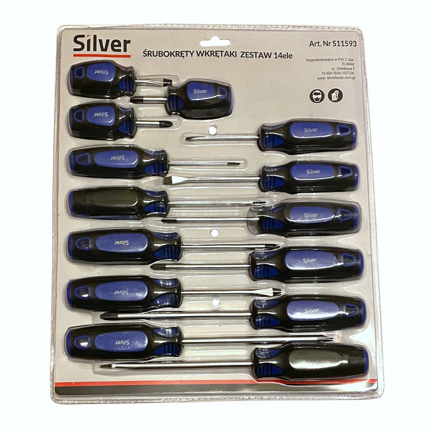 Набор серебряных отверток, состоящий из 14 элементов, идеально подходит для любого гаража или мастерской.
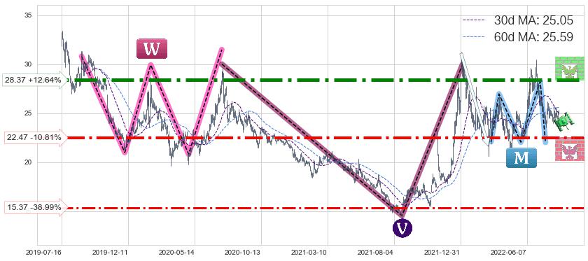 ♘ 支撑价格位22.47,可信任强度79.70%,距离最后交易2022-08-12形成的收盘价格25.19相差 -10.81%
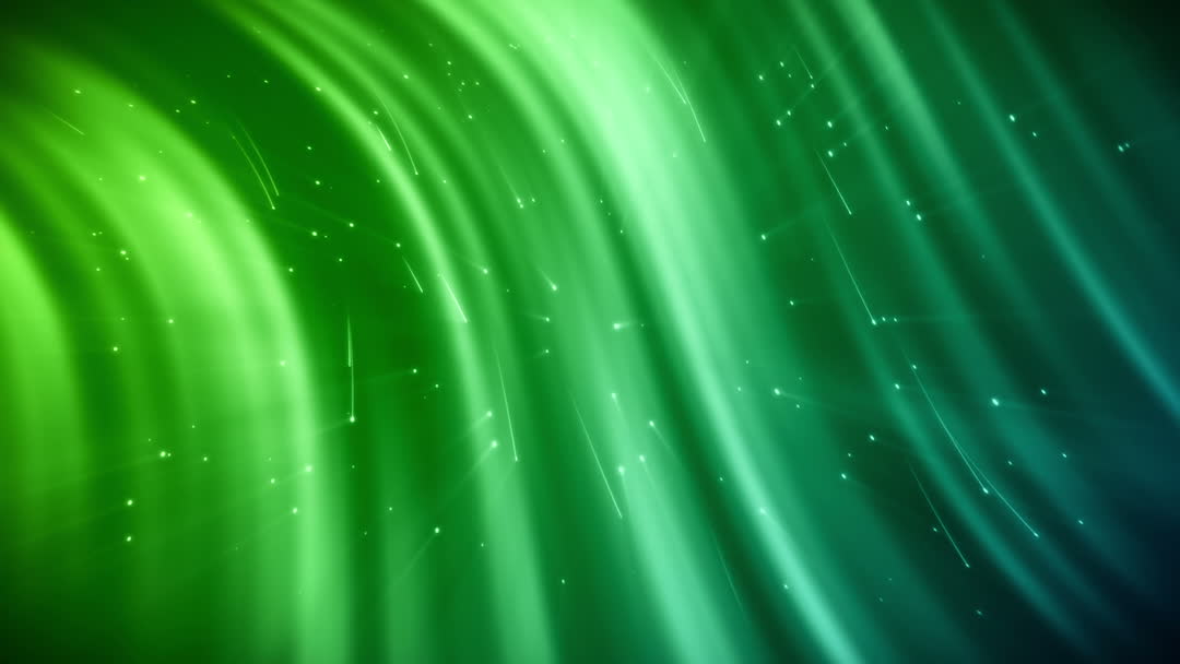 This abstract background features a dynamic flow of green neon waves with sparkling light particles. Suitable for technological themes, creative design projects, or as a modern wallpaper. Ideal for enhancing presentations, websites, or digital interfaces with an engaging and vibrant look.
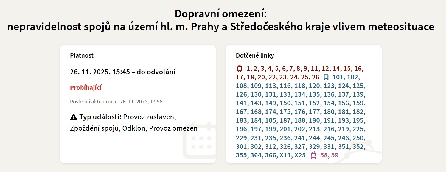 Вечером в среду, 26 ноября, в Праге случился новый коллапс общественного транспорта. Он произошел из-за снегопада и технической неисправности одного из трамваев, который заблокировал сразу несколько маршрутов, проходящих через вокзал Масарика.
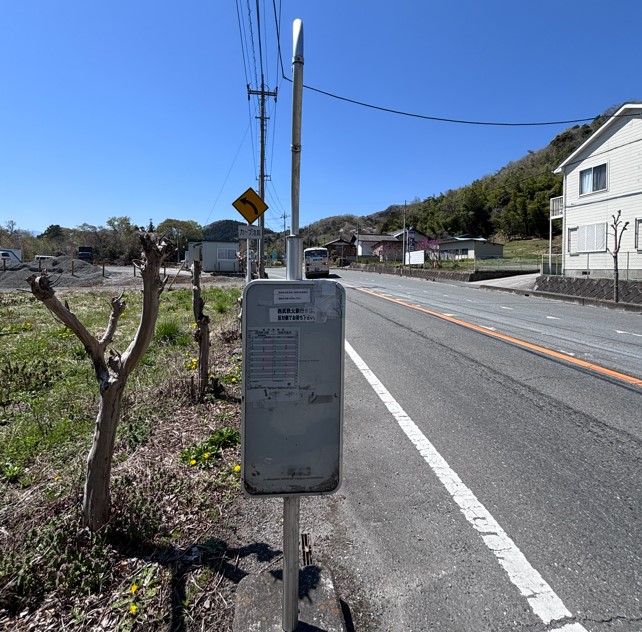 まずはバス停「馬頭尊前」から平石馬頭尊堂を目指します。バス停を降りたら、右手側(乗ってきたバスの進行方向とは逆方向)へ向かいます。
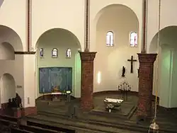 Nach dem Wiederaufbau blieb die Innenausstattung zunächst provisorisch. Ab 1968 erfolgte die Neugestaltung nach den Vorgaben der Liturgiereform des Zweiten Vatikanischen Konzils durch den Berliner Architekten Georg Schönfeld. Der neue blockhafte Altar aus Anröchter Dolomit wurde zum Zentralbau vorgezogen; er wurde gestaltet von Paul Brandenburg und am 17. Mai 1969 geweiht. Ambo und Priestersitz wurden gleichzeitig in entsprechender Gestaltung hinzugefügt und durch einen siebenarmigen Leuchter in Bronze ergänzt. Die bronzene Kreuzigungsgruppe in der Mittelapsis ist ein Neuguss der im Krieg zerstörten Figuren von Josef Limburg, die zum früheren Hochaltar gehörten. Da die Gussformen noch existierten, konnten sie neu gegossen und in die Gestaltung einbezogen werden. Die linke Seitenapsis nahm einen neuen Tabernakel mit vergoldeter Kupferverkleidung, gestaltet von Georg Schlüter, auf, der in seiner Form der Kuppelgestalt der Kirche nachempfunden ist. In der rechten Seitenapsis wurde der alte Taufstein von 1910 mit der Widmung Stiftung Stadt Spandau 1910 aufgestellt. Hinter Tabernakel und Taufstein füllen zwei abstrakte „Meditationsbilder“ die ansonsten monochromen weißen Wände. Diese Bilder stammen von dem Künstler Gerhard Köhler (* 5. September 1923; † 23. Januar 1974) und sind in Seccomalerei ausgeführt. Das Bild hinter dem Tabernakel trägt den Titel Cherubim, das auf der Rückwand des Taufsteins Durchzug durch das Rote Meer (Exodus 14,21-31 ).
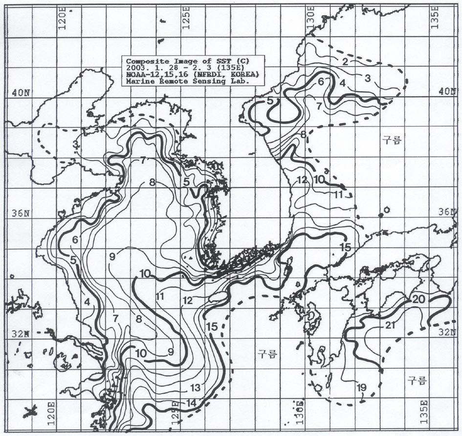 o 아래 그림은 2003년 1월 28일부터 2월 3일 까지 합성한 위성추정
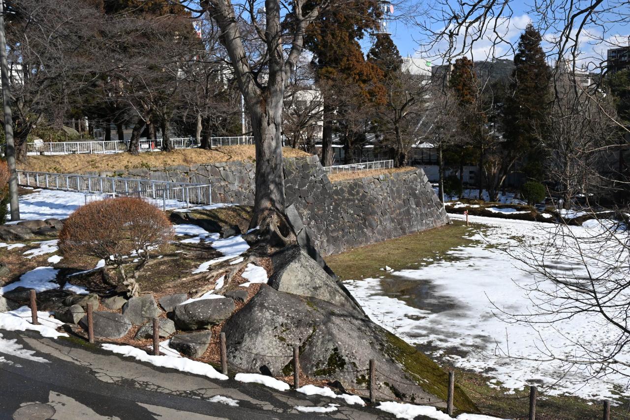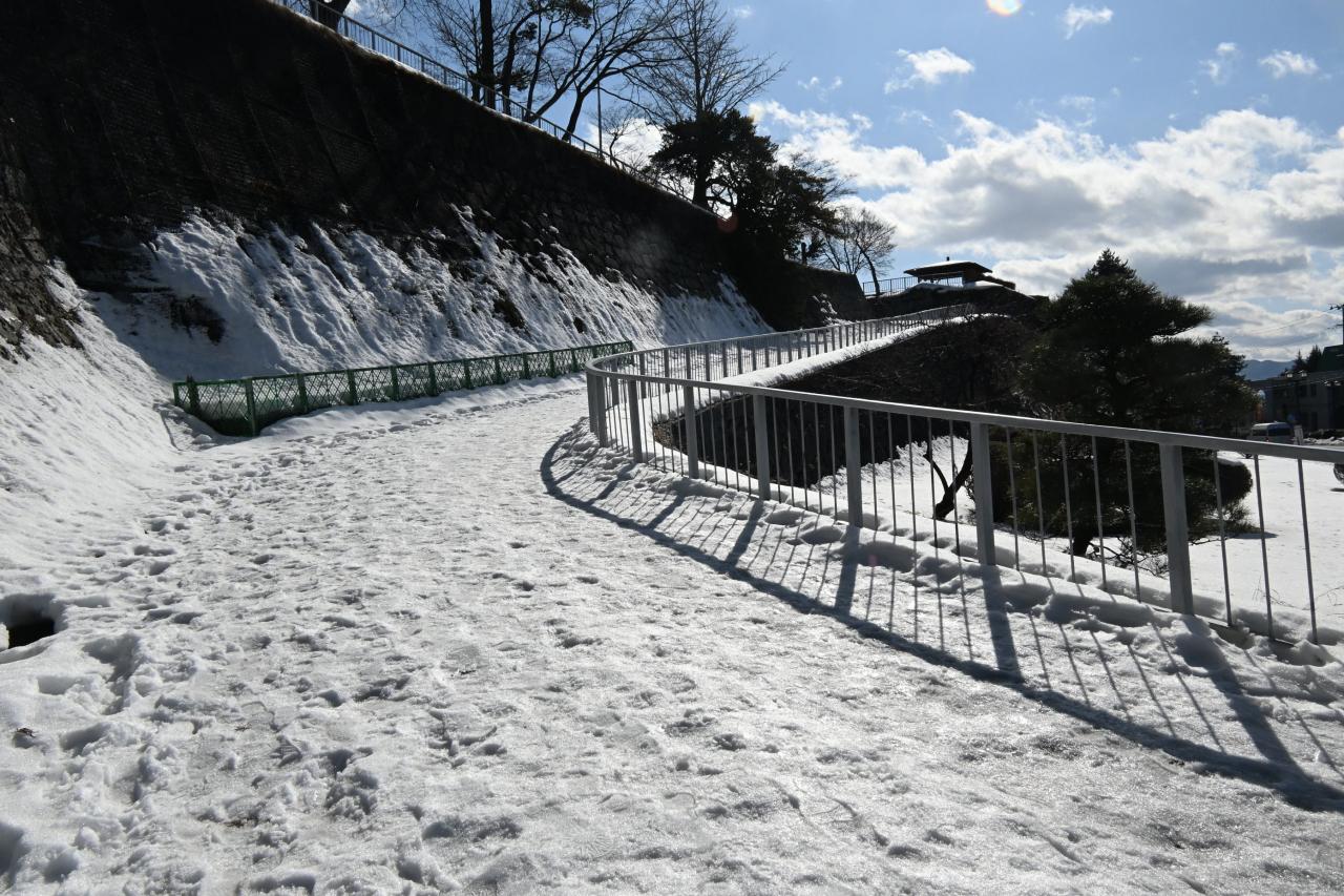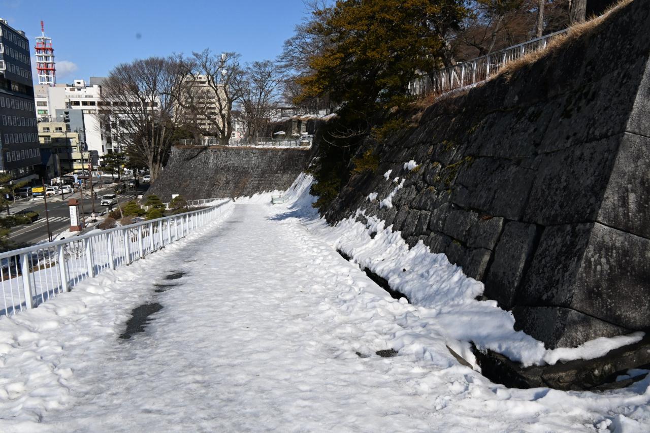 石垣に張り付いた雪がきれいです。
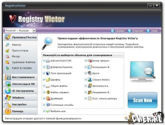 Registry Victor – программа для улучшения работы компьютера, которая находит ошибки, оптимизирует систему и ускоряет ее. Вы можете столкнуться с различными проблемами, которые постепенно появляются с использованием компьютера, например, замедление, зависание, «голубой экран смерти», постоянные сообщения об ошибках и т.д. Registry Victor использует только самые продвинутые технологии для сканирования ваших жестких дисков и дает вам наиболее полную диагностику всего за несколько секунд.
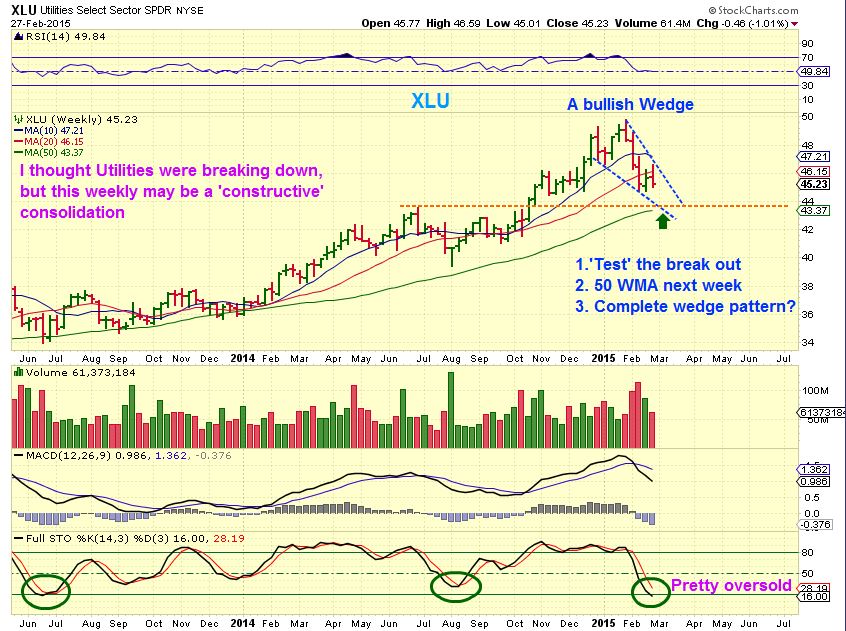 Feb 27 I pointed out that the XLU ( Utilities) Wkly chart looked to be setting up
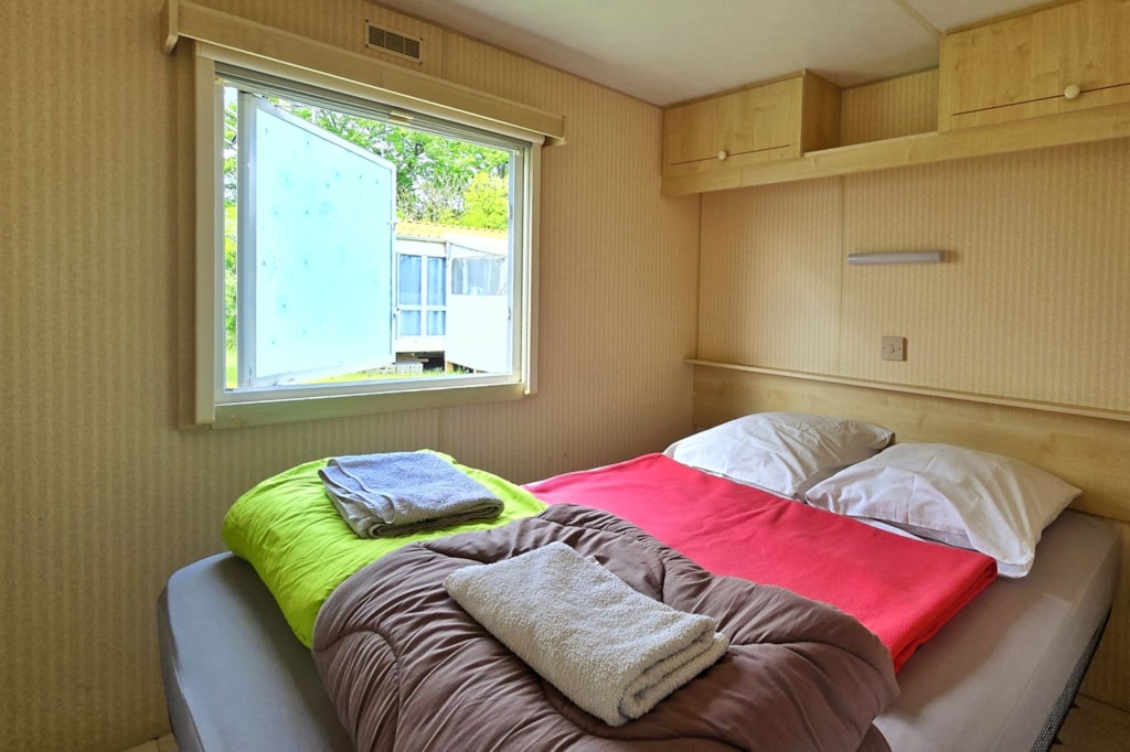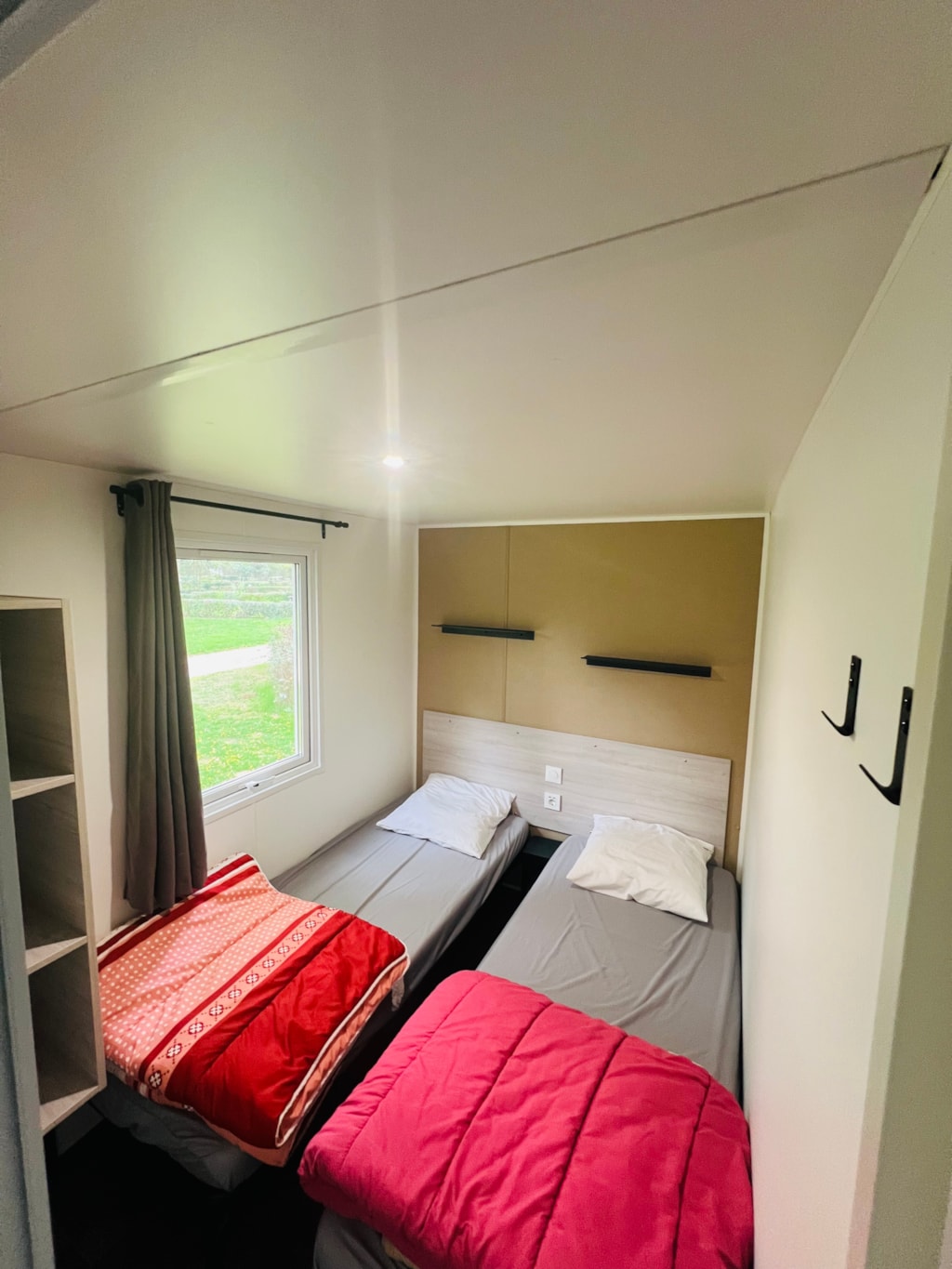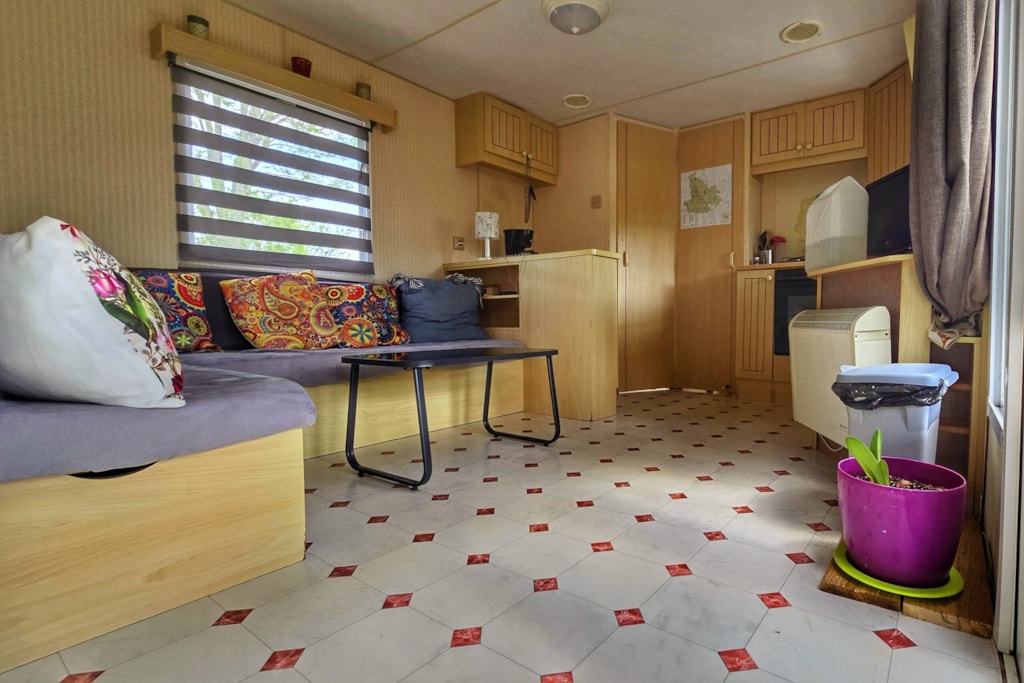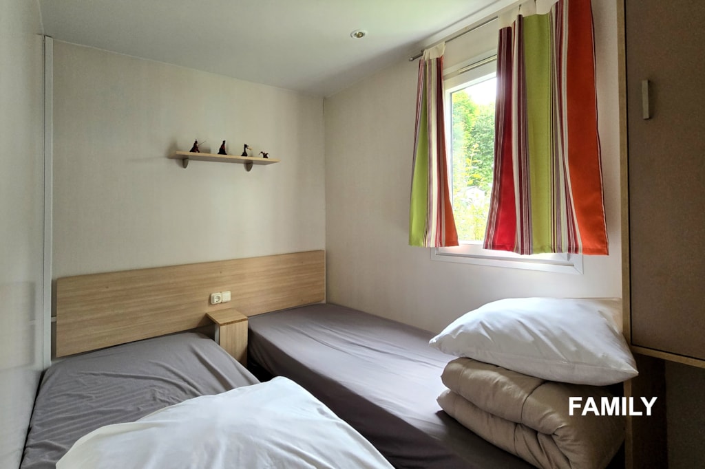 Unser Mobilheim bietet bequem Platz für bis zu vier Personen. Es verfügt über zwei Schlafzimmer: das erste mit einem Doppelbett (140 x 200 cm) und das zweite mit zwei Einzelbetten (80 x 190 cm).

__WHAT IS BEING ASKED__. Write out exactly the lines that run from the top of the listing above to the line containing "まずはバス停「馬頭尊前」から", both ends included. Omit every picture.

__EXERCISE RESPONSE__.
 Набор серебряных отверток, состоящий из 14 элементов, идеально подходит для любого гаража или мастерской.
 ♘ 支撑价格位22.47,可信任强度79.70%,距离最后交易2022-08-12形成的收盘价格25.19相差 -10.81%
 This abstract background features a dynamic flow of green neon waves with sparkling light particles. Suitable for technological themes, creative design projects, or as a modern wallpaper. Ideal for enhancing presentations, websites, or digital interfaces with an engaging and vibrant look.
 Вечером в среду, 26 ноября, в Праге случился новый коллапс общественного транспорта. Он произошел из-за снегопада и технической неисправности одного из трамваев, который заблокировал сразу несколько маршрутов, проходящих через вокзал Масарика.
 まずはバス停「馬頭尊前」から平石馬頭尊堂を目指します。バス停を降りたら、右手側(乗ってきたバスの進行方向とは逆方向)へ向かいます。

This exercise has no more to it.